■ **To do**: Copy exactly the lines of the data below, beginning with the line with "在台儿庄大战纪念馆,营员们重" and ending with the line with "Group photo of". Pictures are to be omitted.

■ **Study material**:
┏━━

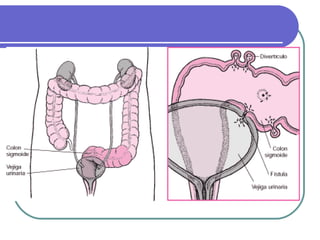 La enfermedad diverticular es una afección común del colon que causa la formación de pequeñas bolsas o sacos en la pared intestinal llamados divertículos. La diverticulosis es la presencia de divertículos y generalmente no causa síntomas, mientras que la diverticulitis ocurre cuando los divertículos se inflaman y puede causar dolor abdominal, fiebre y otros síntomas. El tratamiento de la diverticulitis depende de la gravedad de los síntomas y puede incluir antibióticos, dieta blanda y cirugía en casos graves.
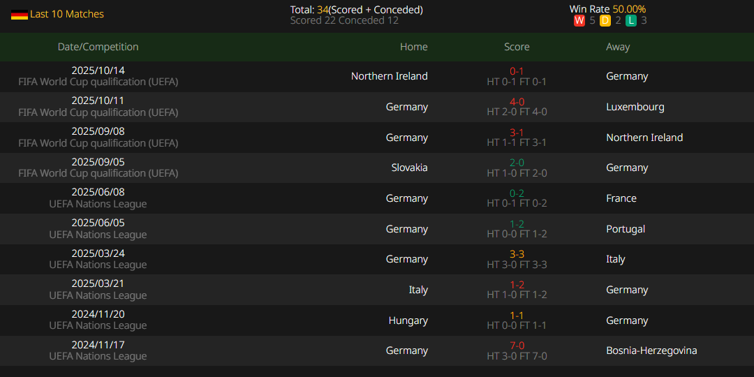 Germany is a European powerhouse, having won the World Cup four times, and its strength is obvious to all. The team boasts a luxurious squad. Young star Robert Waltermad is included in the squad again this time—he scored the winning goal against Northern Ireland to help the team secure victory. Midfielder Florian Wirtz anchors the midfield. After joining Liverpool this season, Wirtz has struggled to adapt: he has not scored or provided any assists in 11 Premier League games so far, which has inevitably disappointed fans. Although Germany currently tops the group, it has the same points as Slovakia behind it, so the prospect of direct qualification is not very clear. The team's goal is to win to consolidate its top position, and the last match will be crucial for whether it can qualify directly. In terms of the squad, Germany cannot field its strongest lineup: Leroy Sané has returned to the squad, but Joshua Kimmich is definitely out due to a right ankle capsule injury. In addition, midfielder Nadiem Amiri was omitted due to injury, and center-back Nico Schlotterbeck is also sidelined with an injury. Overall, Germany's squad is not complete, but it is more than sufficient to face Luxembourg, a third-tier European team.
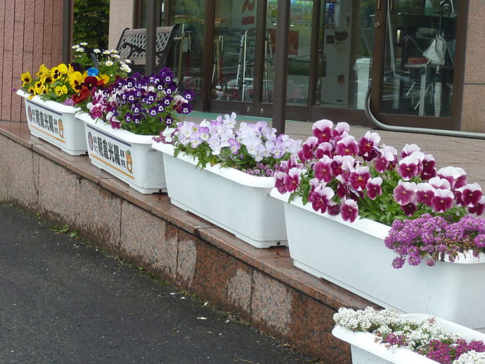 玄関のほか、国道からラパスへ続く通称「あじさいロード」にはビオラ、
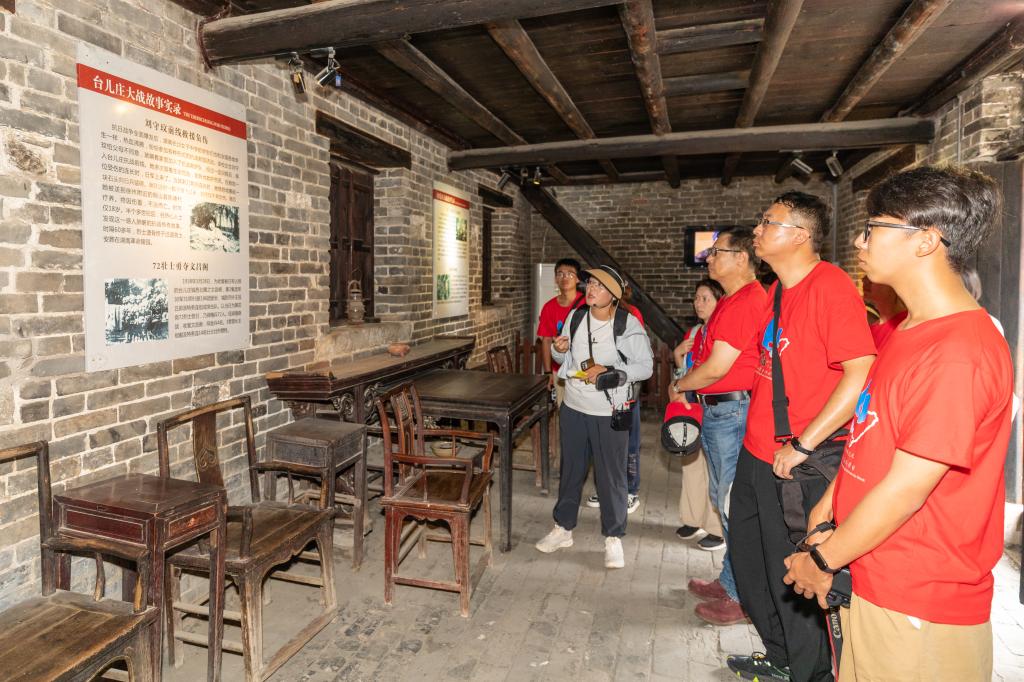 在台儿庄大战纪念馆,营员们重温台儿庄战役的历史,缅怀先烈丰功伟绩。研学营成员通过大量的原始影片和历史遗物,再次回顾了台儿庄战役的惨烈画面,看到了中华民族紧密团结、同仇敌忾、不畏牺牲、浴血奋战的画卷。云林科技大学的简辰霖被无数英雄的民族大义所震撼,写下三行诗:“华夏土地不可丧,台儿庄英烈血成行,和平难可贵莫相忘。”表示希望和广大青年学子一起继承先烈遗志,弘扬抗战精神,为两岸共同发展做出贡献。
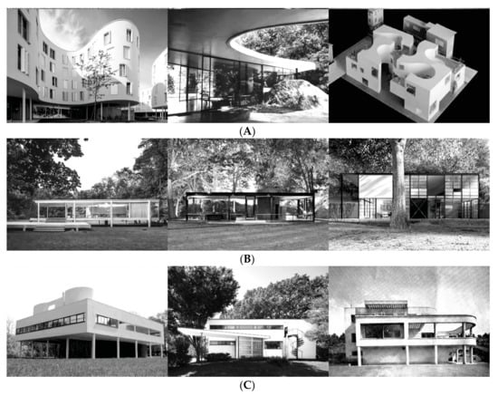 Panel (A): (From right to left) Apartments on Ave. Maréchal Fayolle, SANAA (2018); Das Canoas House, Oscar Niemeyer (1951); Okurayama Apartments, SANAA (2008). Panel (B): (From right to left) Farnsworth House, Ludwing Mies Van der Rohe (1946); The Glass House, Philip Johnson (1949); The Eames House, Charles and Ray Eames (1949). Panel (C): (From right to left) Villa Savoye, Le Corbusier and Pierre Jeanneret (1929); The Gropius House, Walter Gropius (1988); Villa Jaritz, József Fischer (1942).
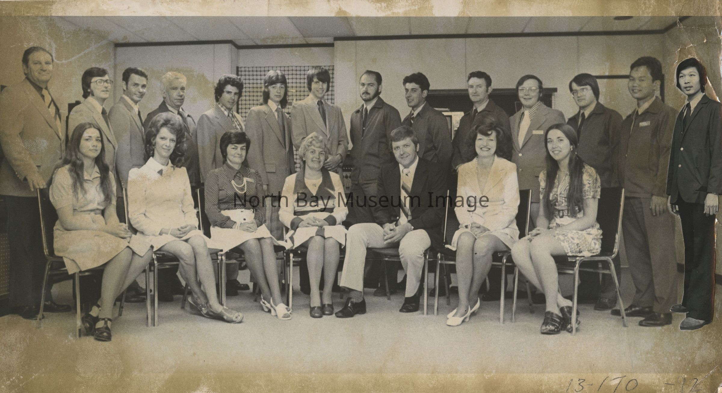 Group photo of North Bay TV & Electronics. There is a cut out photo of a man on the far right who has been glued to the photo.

┗━━
┏━━

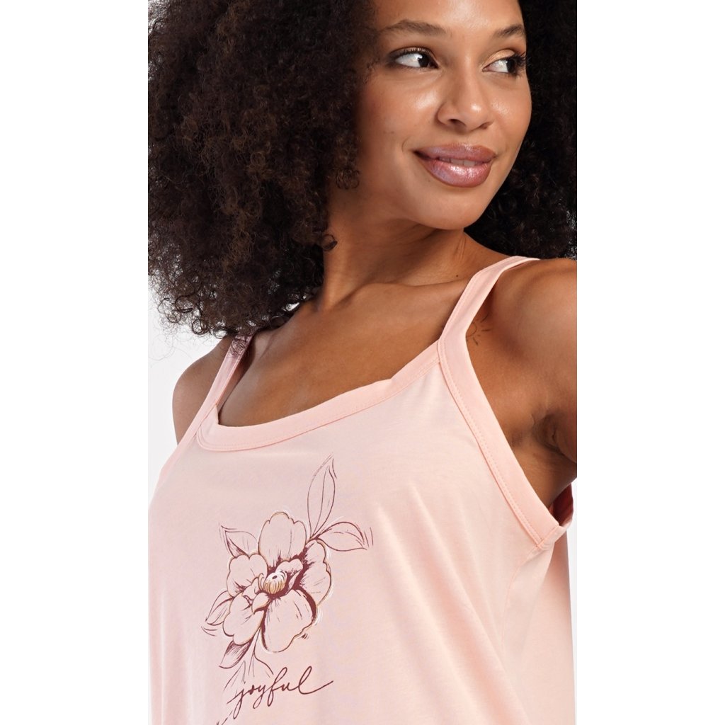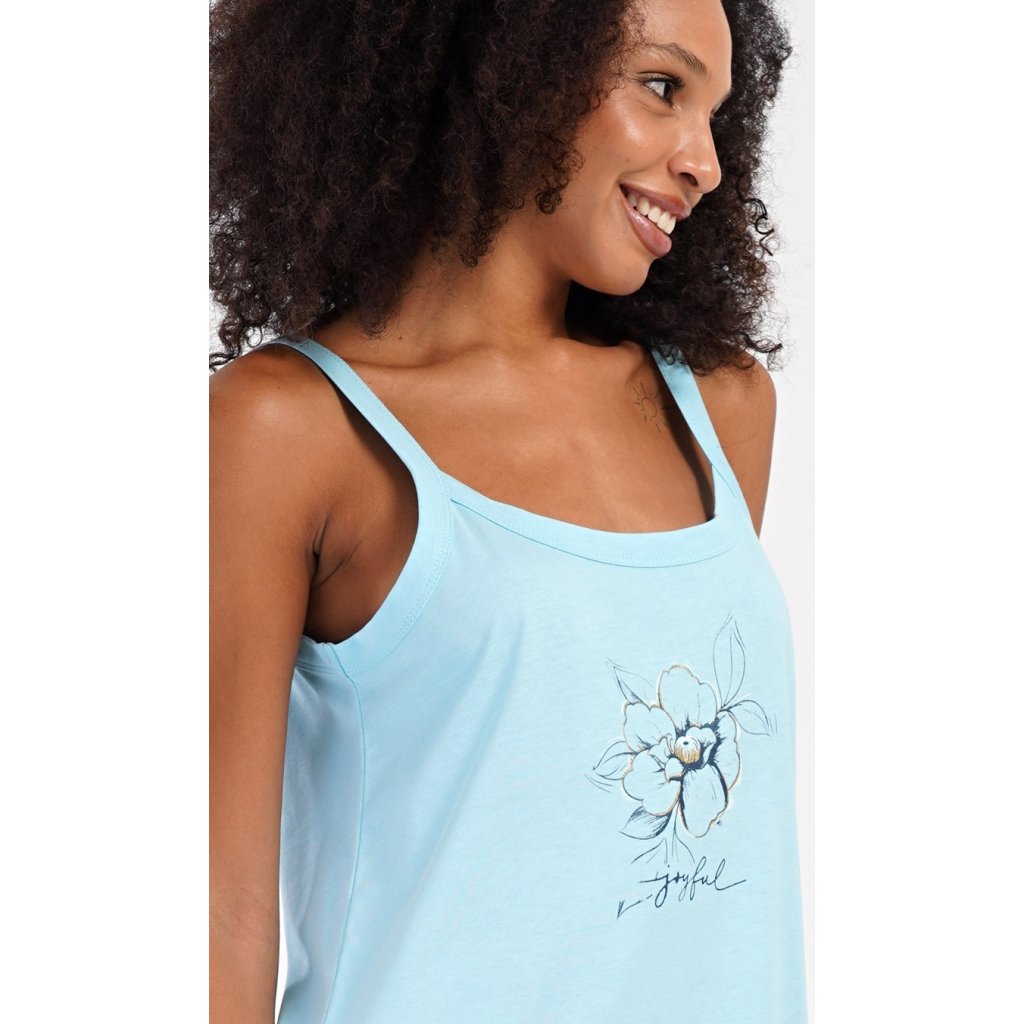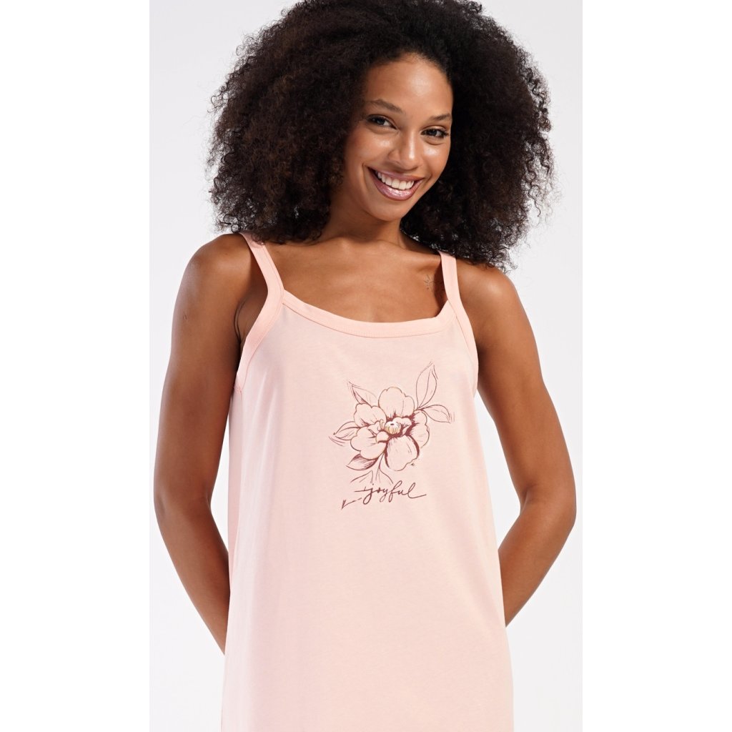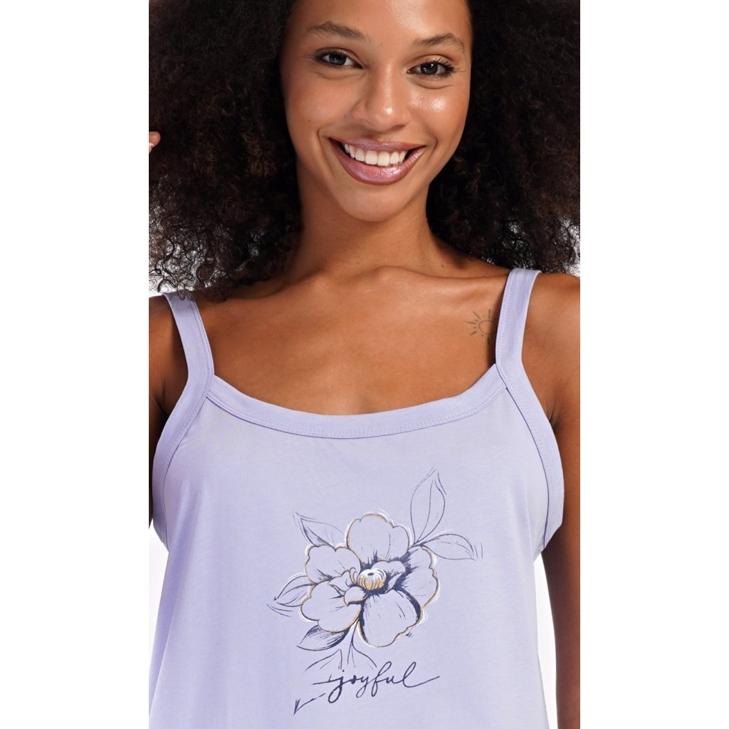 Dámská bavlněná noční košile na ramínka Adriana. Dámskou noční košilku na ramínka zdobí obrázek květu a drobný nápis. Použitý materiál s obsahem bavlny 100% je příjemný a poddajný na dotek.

┗━━

■ **Solution to the exercise**:
 在台儿庄大战纪念馆,营员们重温台儿庄战役的历史,缅怀先烈丰功伟绩。研学营成员通过大量的原始影片和历史遗物,再次回顾了台儿庄战役的惨烈画面,看到了中华民族紧密团结、同仇敌忾、不畏牺牲、浴血奋战的画卷。云林科技大学的简辰霖被无数英雄的民族大义所震撼,写下三行诗:“华夏土地不可丧,台儿庄英烈血成行,和平难可贵莫相忘。”表示希望和广大青年学子一起继承先烈遗志,弘扬抗战精神,为两岸共同发展做出贡献。
 Panel (A): (From right to left) Apartments on Ave. Maréchal Fayolle, SANAA (2018); Das Canoas House, Oscar Niemeyer (1951); Okurayama Apartments, SANAA (2008). Panel (B): (From right to left) Farnsworth House, Ludwing Mies Van der Rohe (1946); The Glass House, Philip Johnson (1949); The Eames House, Charles and Ray Eames (1949). Panel (C): (From right to left) Villa Savoye, Le Corbusier and Pierre Jeanneret (1929); The Gropius House, Walter Gropius (1988); Villa Jaritz, József Fischer (1942).
 Group photo of North Bay TV & Electronics. There is a cut out photo of a man on the far right who has been glued to the photo.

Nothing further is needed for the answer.